• **RECORDS FOR THIS TASK**:
● ● ● ●
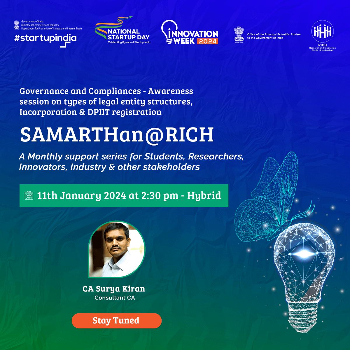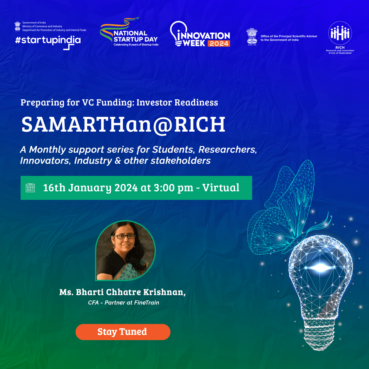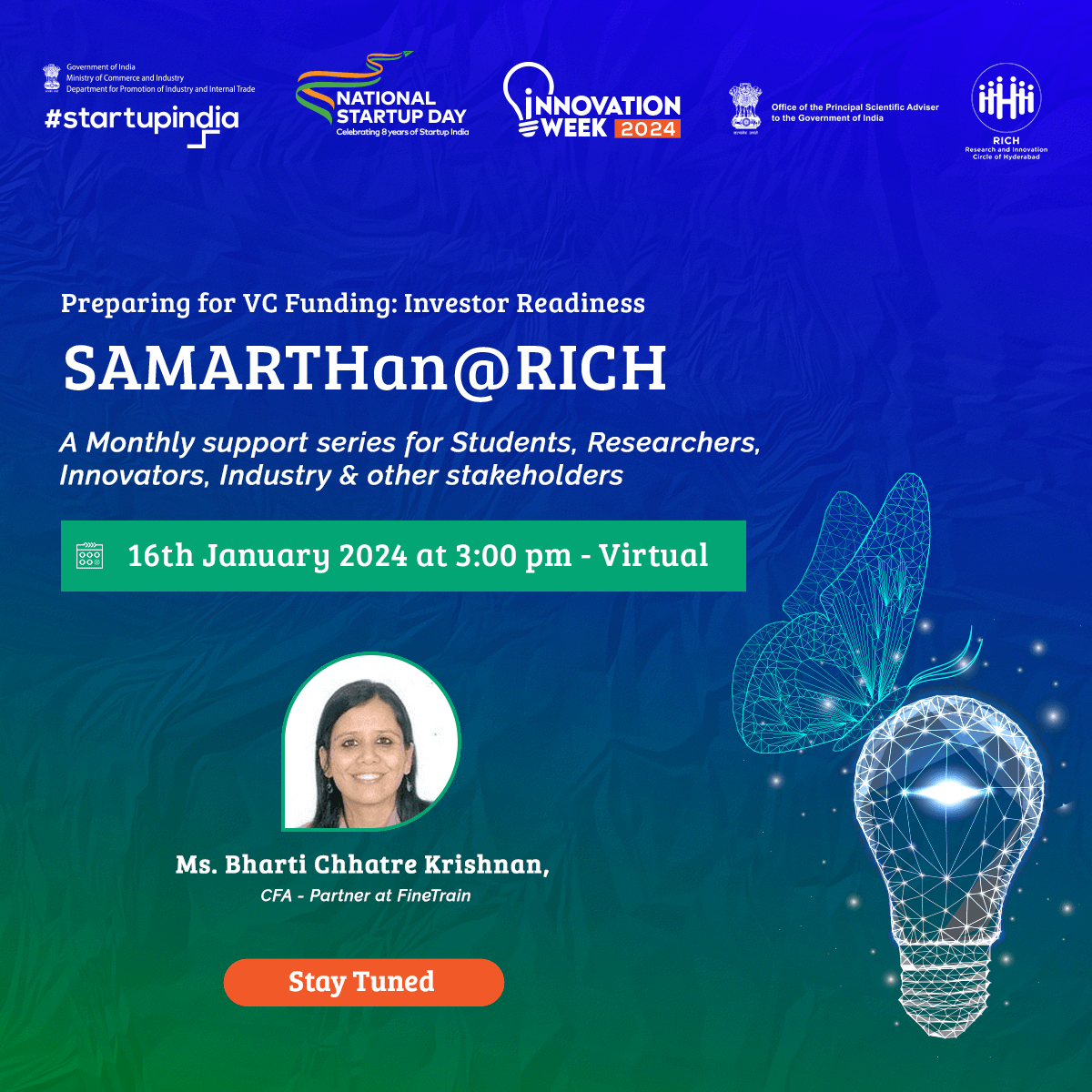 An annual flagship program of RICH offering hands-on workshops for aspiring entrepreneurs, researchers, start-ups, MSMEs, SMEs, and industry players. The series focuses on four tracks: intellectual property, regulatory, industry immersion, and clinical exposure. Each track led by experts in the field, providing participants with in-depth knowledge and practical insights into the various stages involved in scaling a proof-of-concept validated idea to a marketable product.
● ● ● ●
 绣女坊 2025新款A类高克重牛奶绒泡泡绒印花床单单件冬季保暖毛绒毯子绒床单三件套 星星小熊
● ● ● ●
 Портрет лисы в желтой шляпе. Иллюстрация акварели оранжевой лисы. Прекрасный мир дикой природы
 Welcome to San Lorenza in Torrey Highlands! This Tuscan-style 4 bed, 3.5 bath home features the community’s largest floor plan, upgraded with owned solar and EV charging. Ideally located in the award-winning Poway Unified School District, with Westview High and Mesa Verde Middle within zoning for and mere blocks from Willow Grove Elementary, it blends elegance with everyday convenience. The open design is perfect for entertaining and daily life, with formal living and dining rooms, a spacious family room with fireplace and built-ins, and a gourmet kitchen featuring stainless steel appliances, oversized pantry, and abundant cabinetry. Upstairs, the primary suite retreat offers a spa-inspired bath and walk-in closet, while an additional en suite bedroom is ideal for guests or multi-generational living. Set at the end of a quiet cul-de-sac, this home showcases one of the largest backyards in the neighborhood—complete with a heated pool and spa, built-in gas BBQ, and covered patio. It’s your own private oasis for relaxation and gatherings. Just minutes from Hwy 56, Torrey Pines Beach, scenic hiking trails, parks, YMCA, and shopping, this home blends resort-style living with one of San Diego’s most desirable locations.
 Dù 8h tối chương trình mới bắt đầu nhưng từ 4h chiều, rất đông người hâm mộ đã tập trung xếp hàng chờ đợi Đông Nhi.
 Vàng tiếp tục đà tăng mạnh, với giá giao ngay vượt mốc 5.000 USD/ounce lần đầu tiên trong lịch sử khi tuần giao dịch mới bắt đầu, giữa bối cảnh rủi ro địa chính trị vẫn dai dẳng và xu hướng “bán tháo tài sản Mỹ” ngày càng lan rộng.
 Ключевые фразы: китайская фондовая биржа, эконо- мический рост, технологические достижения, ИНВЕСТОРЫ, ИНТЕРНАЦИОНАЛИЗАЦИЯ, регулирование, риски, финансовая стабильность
● ● ● ●
• **WHAT THE TASK REQUIRES**: From the records above, transcribe exactly the run of lines that opens with the line holding "Портрет лисы в" and closes with the line holding "Dù 8h tối chương", both included.

• **THE ANSWER**:
 Портрет лисы в желтой шляпе. Иллюстрация акварели оранжевой лисы. Прекрасный мир дикой природы
 Welcome to San Lorenza in Torrey Highlands! This Tuscan-style 4 bed, 3.5 bath home features the community’s largest floor plan, upgraded with owned solar and EV charging. Ideally located in the award-winning Poway Unified School District, with Westview High and Mesa Verde Middle within zoning for and mere blocks from Willow Grove Elementary, it blends elegance with everyday convenience. The open design is perfect for entertaining and daily life, with formal living and dining rooms, a spacious family room with fireplace and built-ins, and a gourmet kitchen featuring stainless steel appliances, oversized pantry, and abundant cabinetry. Upstairs, the primary suite retreat offers a spa-inspired bath and walk-in closet, while an additional en suite bedroom is ideal for guests or multi-generational living. Set at the end of a quiet cul-de-sac, this home showcases one of the largest backyards in the neighborhood—complete with a heated pool and spa, built-in gas BBQ, and covered patio. It’s your own private oasis for relaxation and gatherings. Just minutes from Hwy 56, Torrey Pines Beach, scenic hiking trails, parks, YMCA, and shopping, this home blends resort-style living with one of San Diego’s most desirable locations.
 Dù 8h tối chương trình mới bắt đầu nhưng từ 4h chiều, rất đông người hâm mộ đã tập trung xếp hàng chờ đợi Đông Nhi.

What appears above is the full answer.